Sunday, May 5, 2013

Castillo de San Cristóbal



Built by Spain to protect against land based attacks, Castillo de San Cristóbal originally wrapped around the city of San Juan, Puerto Rico.


Beginning about 1539, several different fortifications were constructed on the hill known as San Cristóbal on the east side of the harbor entrance.  The fort as we see it today was completed in 1783 and covered about 27 acres.


In 1897 after the English and Dutch interlopers were ejected from the island, about a third of the fortification was demolished to allow for the expansion of San Juan. 


Chris and Michele, our friends from the Washington, DC area joined on this excursion.  Chris, a military history buff, was able to provide insight on many of things we were seeing.


At various points the fortified walls have guerites or sentry boxes.  Legend has it that soldiers randomly disappeared from various guerites, but especially from “The Devil’s Guertie.”  Chris’s theory is that the soldiers would climb on the wall to relieve themselves and get blown off falling to their deaths on rocks and sea below, otherwise known by boaters as “the half-mast syndrome.”

Prison Graffiti

Captured sailors drew pictures of their ships on the walls of the fort’s dungeons.


Executing drawings must have been difficult because light was barely pumped to the prisoners.
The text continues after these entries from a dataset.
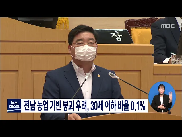전남의 전체 농가 중 30세 이하의 비율은 0.1%에 불과해 농업기반 붕괴가 우려되고 있습니다. 전남도의회 신민호 의원은 전남 14만3천여 농가 가운데 30세 이하는 107가구에 불과했고, 60대 이상이 전국 평균 60%보다 20% 가까이 높은 79%로 나타났다고 지적했습니다. 신 의원은 "청년 농업인 육성이 절실하다"며, 지역대학...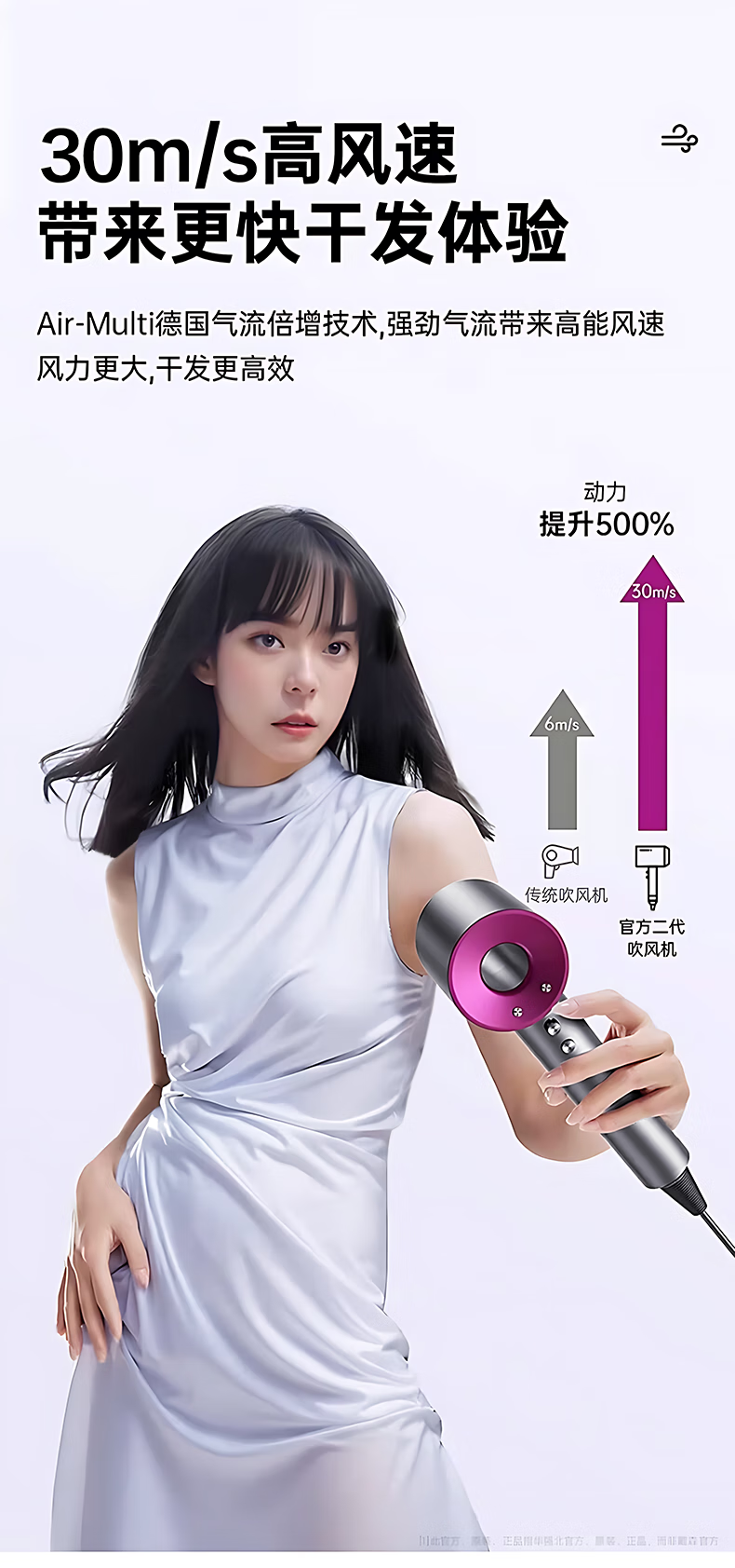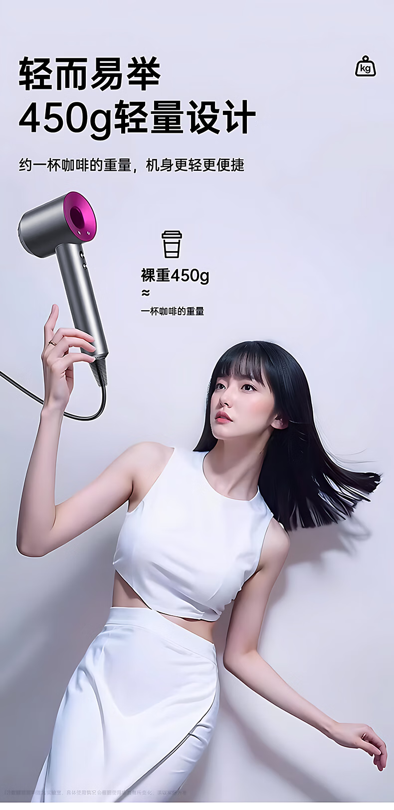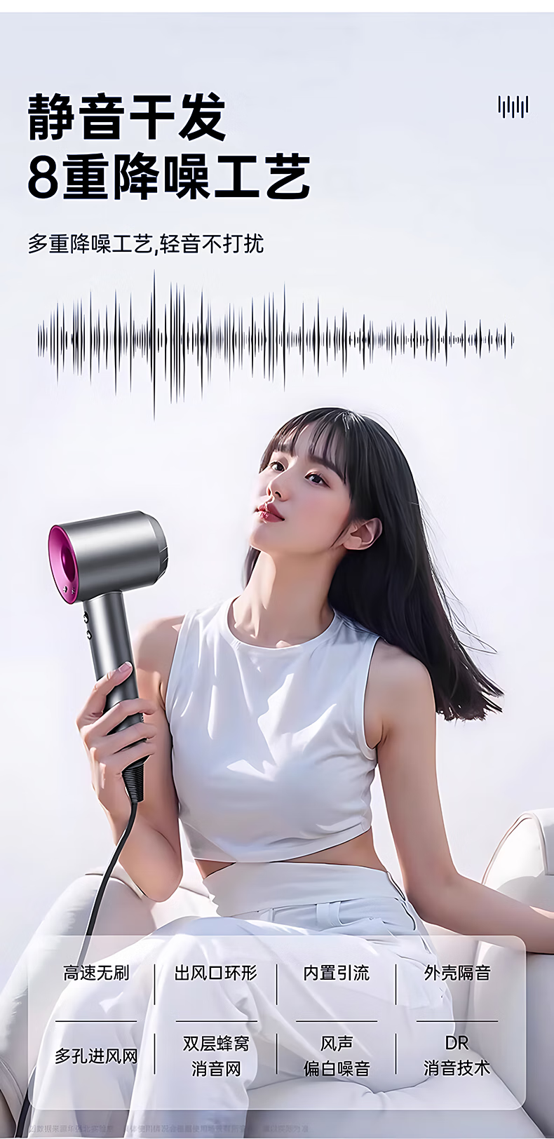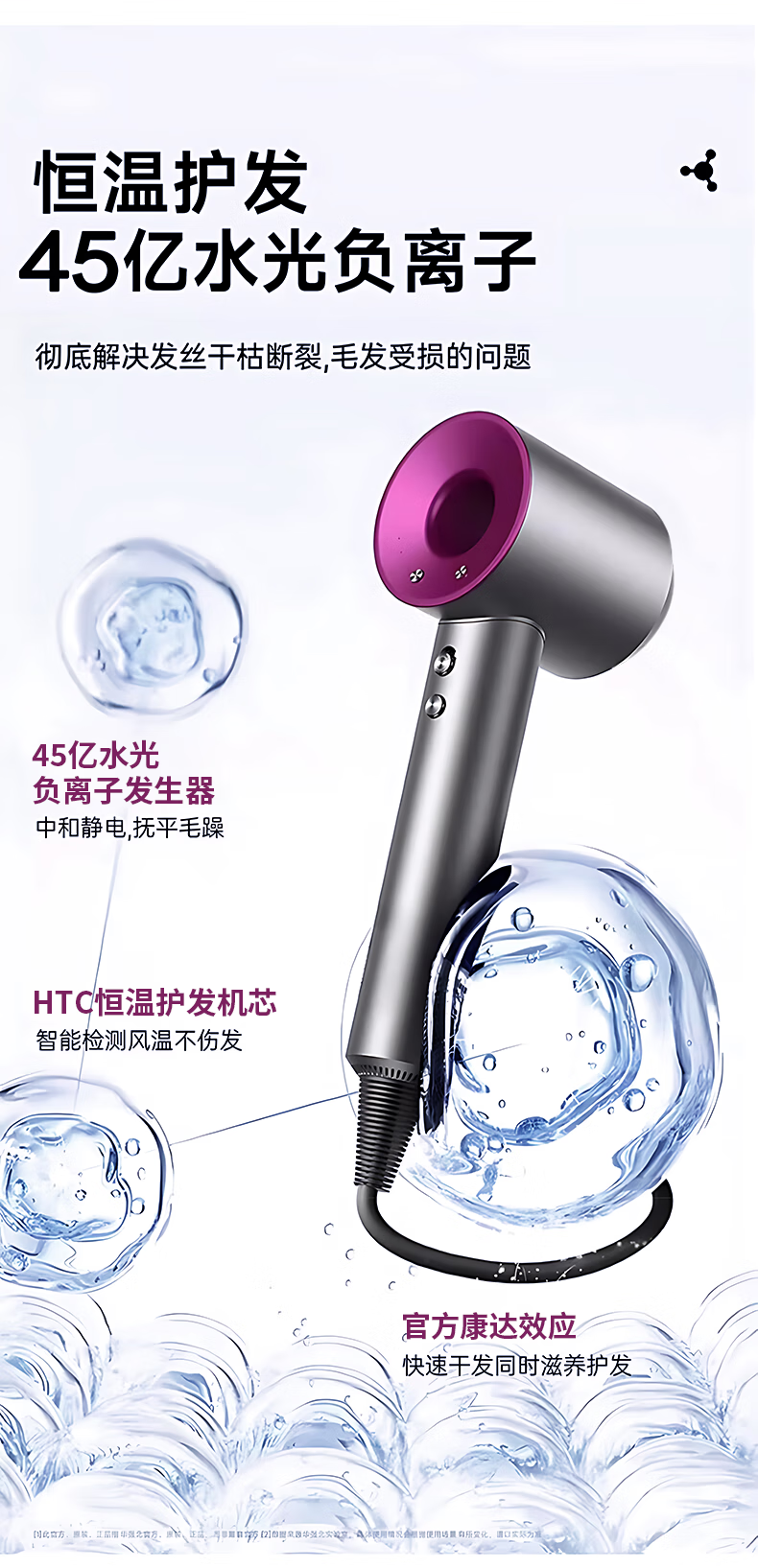 Benchmark Eagle National 3C Certification High Speed Leafless Hair Dryer Home Hair Dryer Negative Ion Silent High Power Non-Hazardous Constant Temperature Quick Drying Hair Dryer Student Dormitory Special Hair Care Single Nozzle Rose Red | 4 Billion Moisturizing Negative Ions Hair Care 3C Certification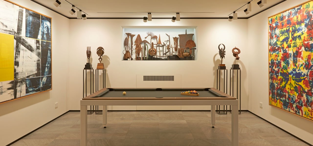 There is a long corridor in which the doors seem to disappear. It is black, that corridor. And it is full of light. On its lowered ceiling there is a small slot in which round lights are inserted and alternate. The rays illuminate the walls, and with them, the paintings and their images. It is from here, from this long, black corridor, that the project by Dep Studio and Zenucchi Design Code takes form. We are in the home of an art collector, and we need to give prominence to those works. Paintings, photographs and sculptures by Italian and international artists from the 1950s to the present day. And so, in this art-rich home, everything else takes a step back. Design. Material. Colour. Starting with that very corridor, with its split sandstone and the flush doors. The room it leads to is the opposite. Different, complementary. It is a large white room, coloured only with the ochre of a patchwork rug. It is a space of leisure, art and entertainment. The 202 8 sofa by Piero Lissoni (2014, Cassina) faces the TV and the bookcase that Dep Studio designed. At its side, the iconic Grand Repos armchair by Antonio Citterio (2011, Vitra); behind it, a billiard table that becomes a dining table. Although the light is completely artificial – LED projectors, with tracks embedded in the ceiling, – the atmosphere is warm, comfortable. The different switch on and intensity adjustment system allows for the creation of different moods and impressions. The ventilated crawl space, plasterboard false walls and automatic ventilation system insulate and protect. Colouring the walls there is only art. With its greens, with its yellows. Abstract shapes of dreams and fantasies.
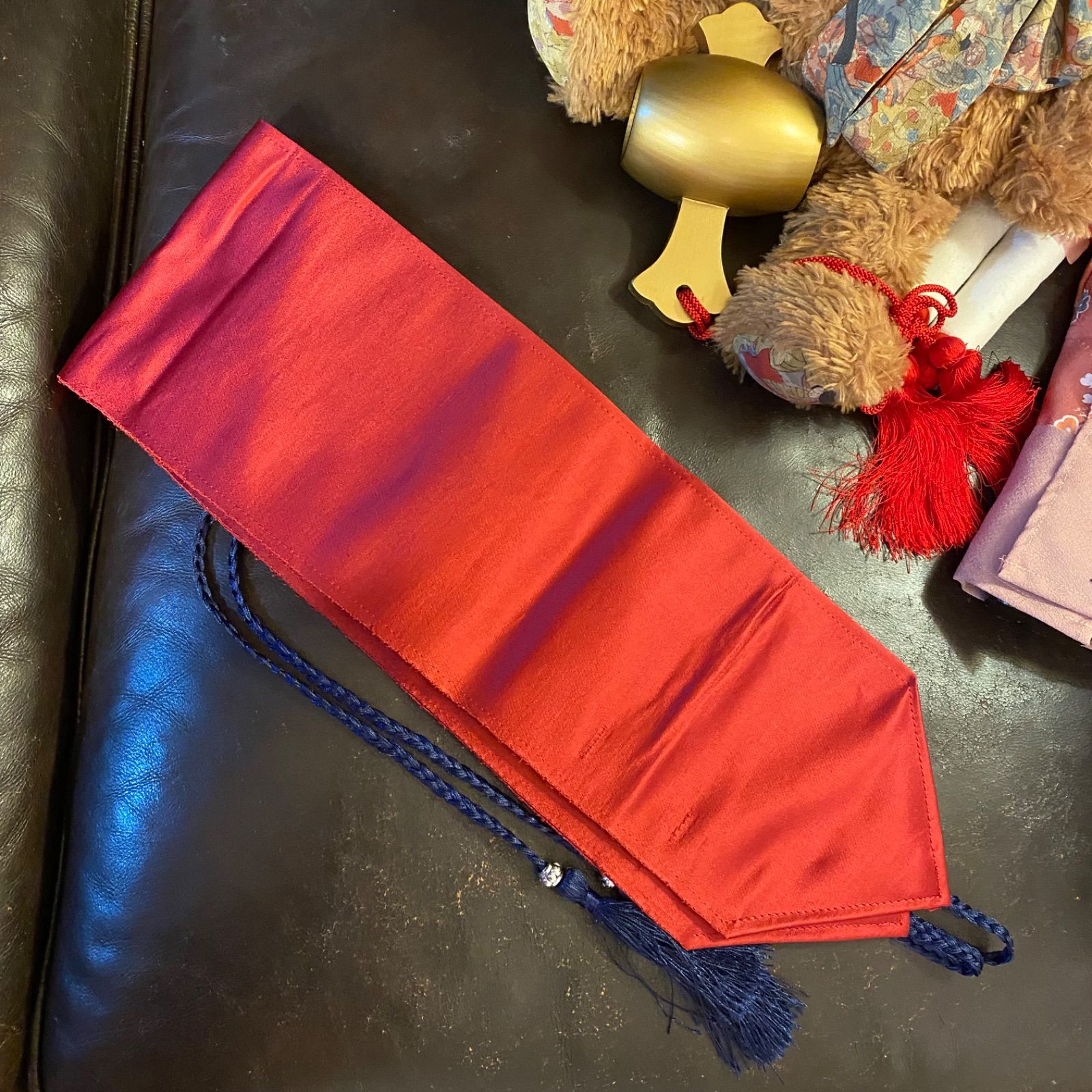 黒地に赤・黄・墨色の“にじみ絵”のような椿が咲く、レトロモダンな存在感。アンサンブル(着物+羽織)から仕立て直した一点物で、深紅の帯サッシュベルトと濃紺の房付き紐がウエストをきゅっと引き締める。ワンピース単体でもセットアップでも映えるから、ブーツやベレー合わせの街着はもちろん、撮影・舞台衣装にもおすすめ。和の気品とモード感を両立した、季節を問わず楽しめるリメイクセットです。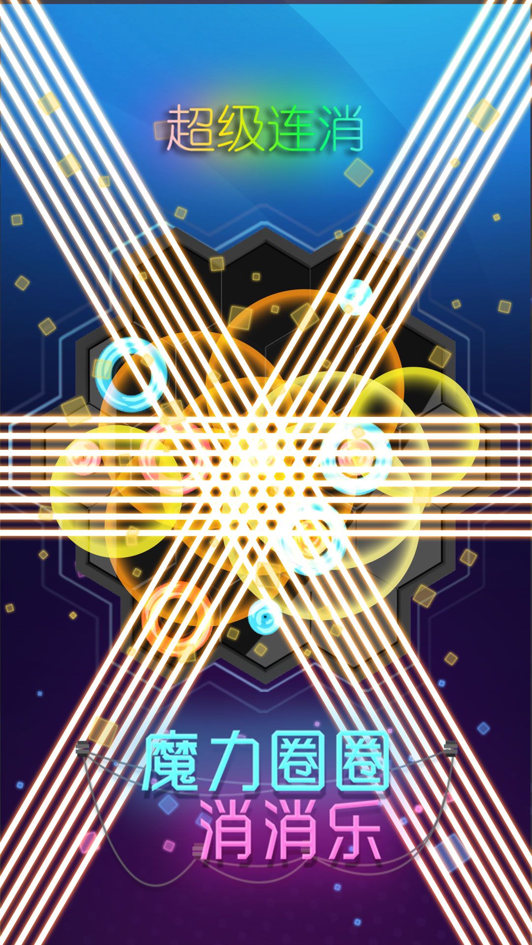 这是一款以三消为核心玩法的休闲游戏,画面整体沿用了《粉碎圈圈》的核心思路,采用了霓虹灯管风格,消除特效非常爽快!

Flags of the United States, Puerto Rico and the Spanish Empire

On May 10, 1898, Castillo San Cristóbal's cannon batteries fired on the USS Yale thus marking Puerto Rico’s entry into the Spanish-American War.  Six months later Puerto Rico became a US territory by terms of the Treaty of Paris.


Castillo San Cristóbal was still an active military base in 1942 when World War II began.  Concrete pillboxes and an underground bunker control system were added to the fort’s defenses.


In 1961 the US Army abandoned the forts of Old San Jaun, and they entered the jurisdiction of the US National Park Service.  In 1983 the San Juan National Historic Site was declared a World Heritage Site by the United Nations.